# Problem
Once the pictures have been set aside, copy every remaining entry exactly.

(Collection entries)
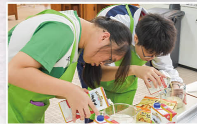
职业体验证书课程
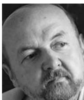
Ryszard Legutko profesor Krakovské univerzity a poslanec Evropského parlamentu

Nově zvolený šéf Evropského parlamentu ve svém inauguračním vystoupení připomněl otrěpanou metaforu, která už léta v evropském prostředí koluje a podle které integrace připomíná jízdu na kole: přestane-li cyklista šlapat, spadne – přestane-li se Evropa integrovat, rozpadne se. Není to příliš moudrá metafora: jakou hodnotu by měly instituce, jež by bylo třeba neustále měnit, neboť jinak by podlehly dezintegraci? Velmi dobře však vystihuje myšlení mnoha lidí. Jak se tedy věci mají? Dospěli jsme už ke konci a EU po politických hrátkách s euroústavou či Lisabonskou smlouvou už o ničem dalším nebude chtít slyšet, nebo se spustí zahřívací kolo dalších sjednocujících reforem?
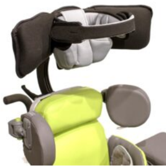
Headloft a Standz
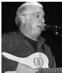
Luis Enrique Mejía Godoy

Un abala en la selva de Zinica penetró en tu recio corazón de santo y estalló tu sangre en nuestras vidas como una gigante bomba de contacto. Desbordante de amor hacia los hombres,

# Task result
职业体验证书课程
Ryszard Legutko profesor Krakovské univerzity a poslanec Evropského parlamentu

Nově zvolený šéf Evropského parlamentu ve svém inauguračním vystoupení připomněl otrěpanou metaforu, která už léta v evropském prostředí koluje a podle které integrace připomíná jízdu na kole: přestane-li cyklista šlapat, spadne – přestane-li se Evropa integrovat, rozpadne se. Není to příliš moudrá metafora: jakou hodnotu by měly instituce, jež by bylo třeba neustále měnit, neboť jinak by podlehly dezintegraci? Velmi dobře však vystihuje myšlení mnoha lidí. Jak se tedy věci mají? Dospěli jsme už ke konci a EU po politických hrátkách s euroústavou či Lisabonskou smlouvou už o ničem dalším nebude chtít slyšet, nebo se spustí zahřívací kolo dalších sjednocujících reforem?
Headloft a Standz
Luis Enrique Mejía Godoy

Un abala en la selva de Zinica penetró en tu recio corazón de santo y estalló tu sangre en nuestras vidas como una gigante bomba de contacto. Desbordante de amor hacia los hombres,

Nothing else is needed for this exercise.